General information about adenoid, tonsil and pharynx region
Infection and inflammation of the pharynx (throat), tonsils and nasal region constitute an important part of childhood diseases. The prevalence of these infections often results in adenoidectomy (adenoid surgery) and tonsillectomy (tonsilectomy), which are common operations in childhood. The lingual tonsils, adenoids and tonsils are part of a lymphatic ring (Waldeyer’s tonsillar ring). The elements of this ring have similar properties and functions . It is one of the first steps of the defense system of the upper respiratory tract. The tonsil tissue differs from other lymphatic tissues in this region because it is surrounded by a capsule and is the largest lymphatic tissue in the region. There are crypts in the tonsils consisting of tubules that end in the blind spot.
Adenoid is the lymphatic tissue found in the nasal region. Adenoid is the tissue that should be found in every person. It begins to form at 7 weeks of pregnancy and continues to grow until age 5. Adenoids and tonsils mostly contribute to the secretory immune system by secreting B lymphocytes. Tonsils give the most active contribution to the immune system between the ages of 4-10.
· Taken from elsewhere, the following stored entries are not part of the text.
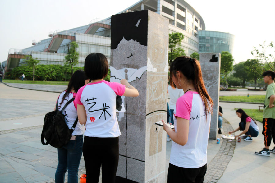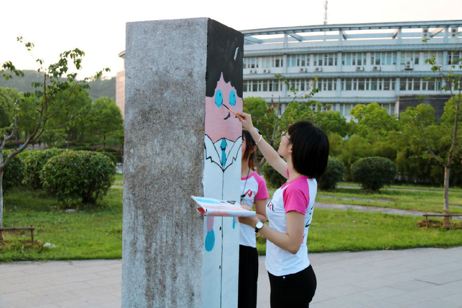谈到这次校园石墙石柱变身,艺术设计学院学生会主席林强介绍道:“石柱经常被校外的机构贴上‘小广告’,撕下来后又被贴上,有的甚至是喷上去的,更难去除。作为艺术设计专业的学生,我们觉得有责任用我们的画笔描绘校园景致。”从有了改造石墙石柱的想法,到创意方案落实,同时考虑景观周围和谐,材质,主题等各方面因素,同学们整整经历了近两个月的创作推敲和试验。
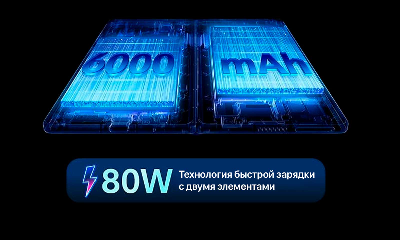 Оснащён самой большой 6000 мАч батареей на кремниевом аноде, что обеспечивает повышенную автономность. Благодаря интеллектуальной системе управления питанием и быстрой зарядке, он создан для превосходной работы.
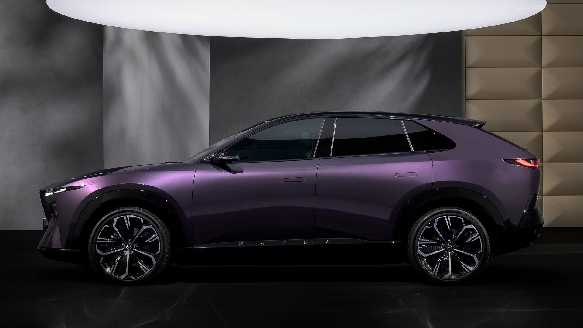 Spoiler anche sul terzo montante, soluzione studiata per migliorare l’aerodinamica. Il tetto scende deciso, le ruote di grande diametro riempiono i passaruota e il risultato è una silhouette muscolosa senza mai diventare aggressiva. Una Mazda, insomma, ma con un carattere nuovo.

What is the normal oral flora?
Non-harmful and surface-covering bacteria found in the mouth, tongue, teeth, gingiva and throat area are the normal flora of this region. Normal flora can be thought of as vegetation. They prevent harmful bacteria and viruses from settling in this area.
What are the infections of the nasal, pharynx and throat region?
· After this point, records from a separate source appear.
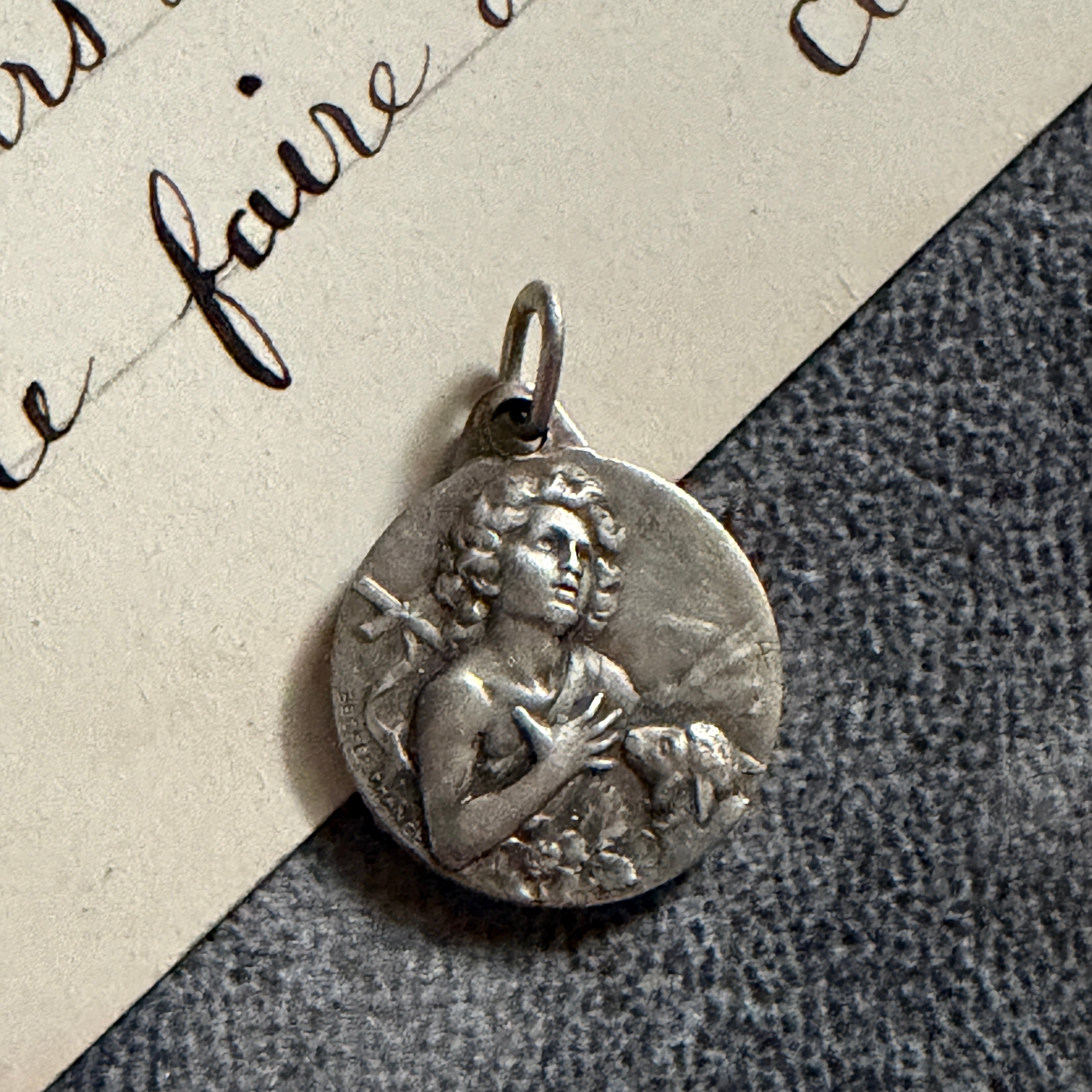 若き洗礼者ヨハネが、静かに「神の小羊」を抱くこのメダイ。
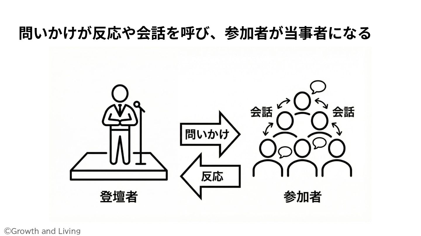 ©Growth and Living 問いかけが反応や会話を呼び、参加者が当事者になる
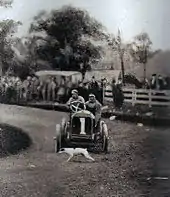 In 1905 he was hired to race French Hotchkiss and Panhard cars, and in several races his wife acted as his riding mechanic.[1]
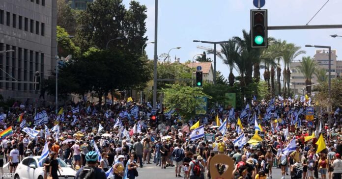 شارك آلاف الإسرائيليين في إضراب عام شمل قطاعات مختلفة، تخلله إغلاق طرق رئيسية بينها الطريق السريع بين القدس وتل أبيب. ولوّح المتظاهرون بالأعلام الإسرائيلية ورفعوا صور الرهائن، بينما علت أصوات الصفارات والأبواق في مسيرات اجتاحت مدن البلاد.
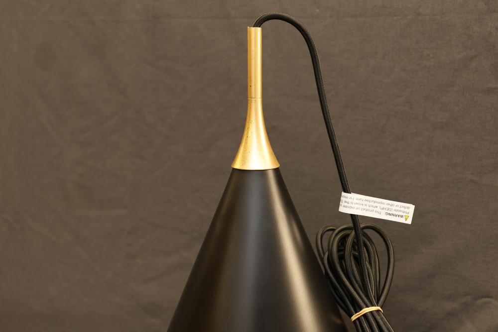 Hudson Valley Martini 9613-GL/BLK Cone Pendant Light Fixture with black and gold finish. Includes a conical shade, mounting hardware, and installation instructions. Comes with wiring for installation and is packaged in its original box. Pickup only.
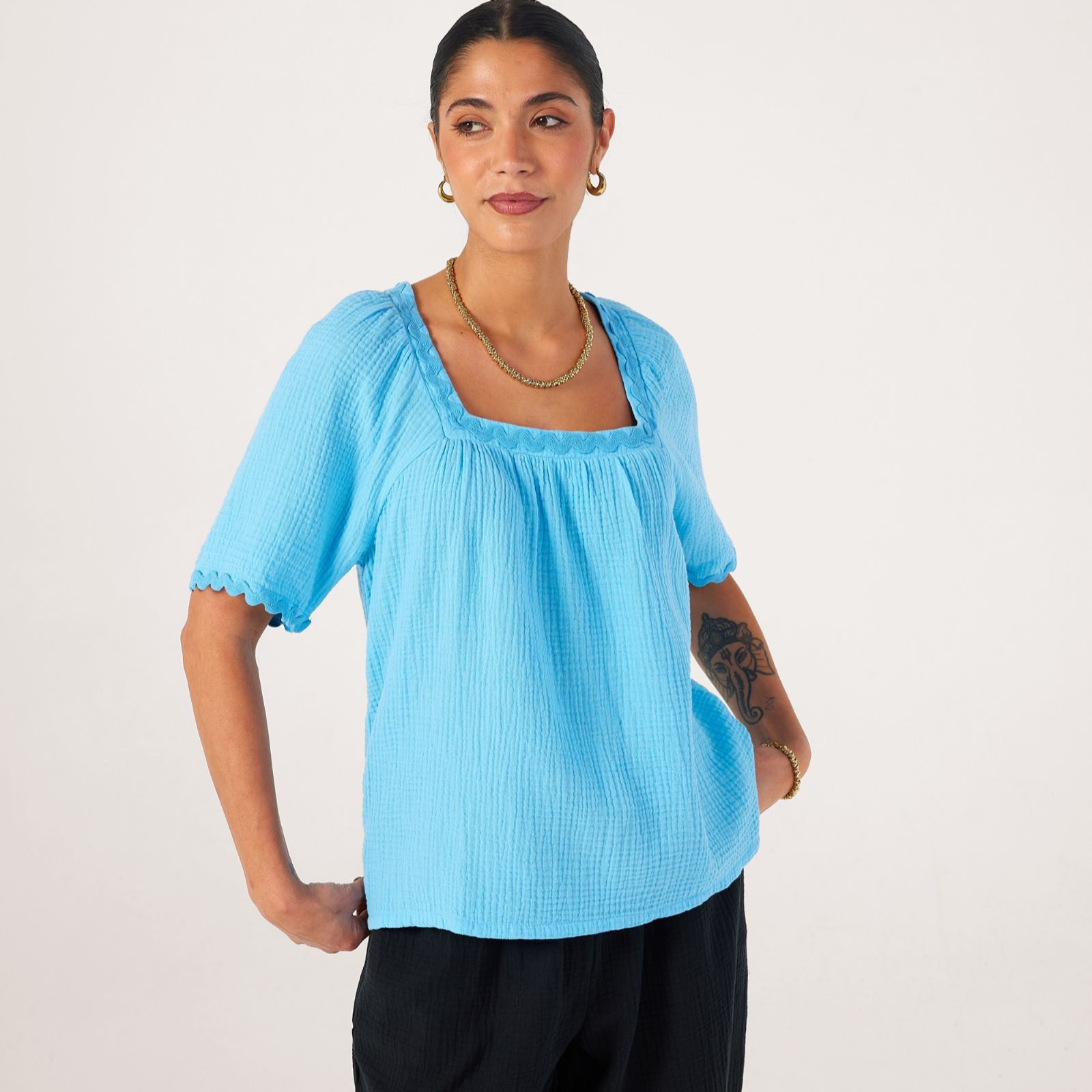 - the ric rac trim across the sleeves and neckline brings a pretty finish to this top that elevates it for all your spring and summer adventures, whether it's for brunch with friends or a picnic in the park.

Viruses, bacteria, fungi and parasites can cause infection in this area.
The most common ear, nose and throat infections in children is the common cold. This situation is caused by viruses. The viruses that cause the common cold are many and varied. (rhinovirus, influenza virus, parainfluenza, adenovirus, coxsackievirus, echovirus, reovirus and respiratory syncytial virus). And each of these viruses has its own unique signs and symptoms.
Infectious mononucleosis (kissing disease) presents with complaints of high fever, general malaise, enlarged, swollen, dirty gray tonsils, sore throat, and difficulty swallowing. The appearance of small bleeding spots in the junction of the soft palate and hard palate reminds this disease, but it is not diagnostic. It can cause enlargement of the liver and spleen and impaired functions. The diagnosis is made by the patient’s clinic, examination and some laboratory tests. Treatment is symptomatic (find-oriented). Recovery may take weeks. Antibiotics may be used if secondary bacterial infections have been added. Ampicillin group antibiotics can cause rashes, they are not used. In case of severe enlargement of the tonsils to endanger breathing, steroid treatment and tonsillectomy (tonsilectomy) or tracheotomy (hole opening in the windpipe) may be required.
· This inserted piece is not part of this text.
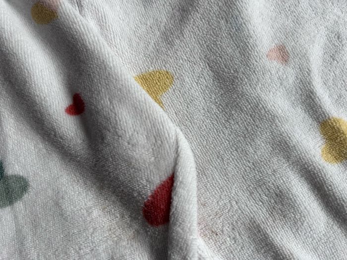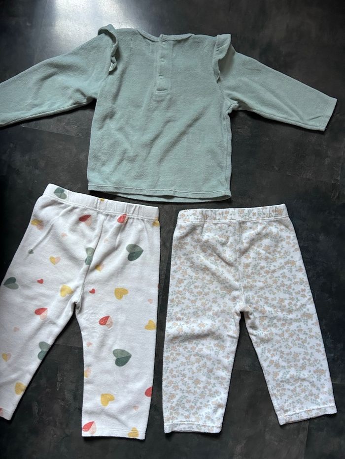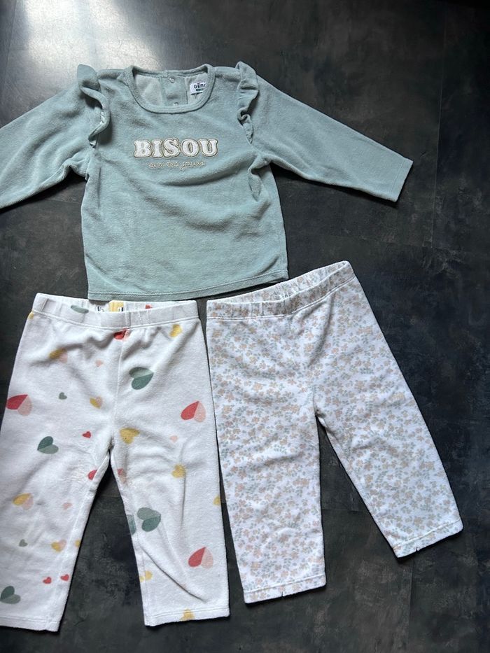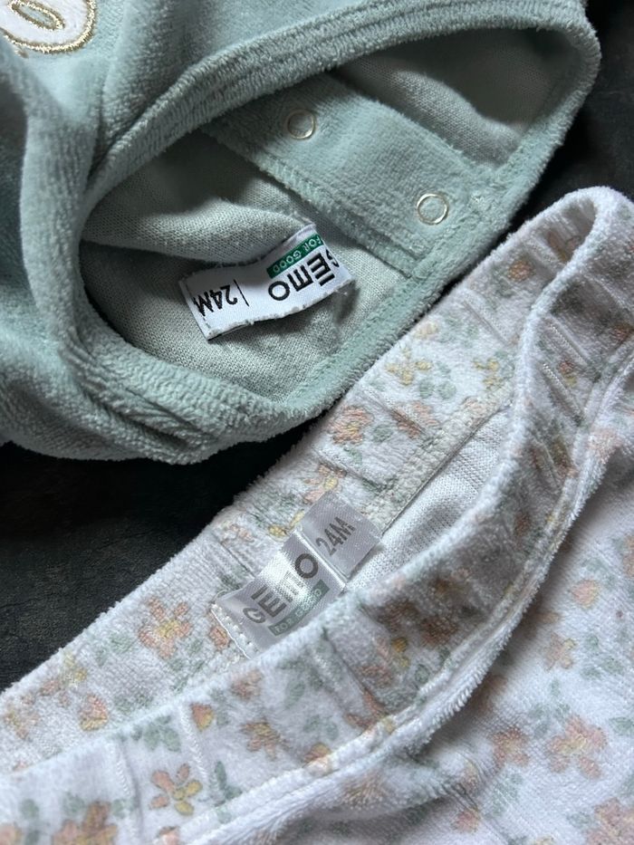 Pyjama velours 2 pièces 2 ans Gemo 75% coton 25% polyester Le haut vert bisous est en bon état , tache d’encre très légère Le bas coeurs est légèrement taché à l’entrejambe Je donne avec Le bas fleuri, il a une petite entaille en bas de chaque jambe
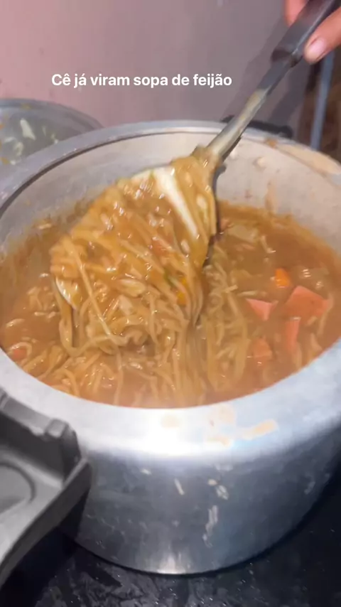 Olha como ficou a sopa dela de feijão

In cases of immune deficiency or secondary to the use of antibiotics, Candida group fungal infections can be seen in the mouth. This group of infections is treated with the appropriate group of antifungal drugs.
It is rare in societies where diphtheria vaccinations are carried out regularly and appropriately. In early return, a white membrane is seen on the tonsils in the throat. The infection can spread to the tonsils and larynx. Swelling in the larynx and the resulting membrane (membrane) can cause airway obstruction. Early diagnosis is important. Initial treatment is to neutralize the toxin circulating in the blood with an antitoxin. Then, high-dose penicillin therapy is given. It can cause neurological (nervous system involvement) conditions such as myocarditis (infection of the heart muscle), Gullian-Barre syndrome and poliomyelitis.
Tonsillitis (beta infection of the throat)
Group A streptococci are the most common bacterial infection of the tonsils. It is a public health problem due to the possibility of causing acute rheumatic fever (cardiac rheumatism) and poststreptococcal glomerulonephritis (kidney rheumatism). Since the introduction of antibiotics, this group of diseases is now rare. Beta infection of the throat is a common disease of childhood and is seen at the highest rate in the 5-6 age group. It is manifested by dry throat, general malaise, fever, chills, a feeling of fullness in the throat, difficulty in swallowing, painful swallowing, earache, headache, pain in the legs and waist, swelling of the lymph nodes in the neck region. Diagnosis is made by clinical findings, throat culture, rapid antigen test. It is treated with the appropriate group of antibiotics.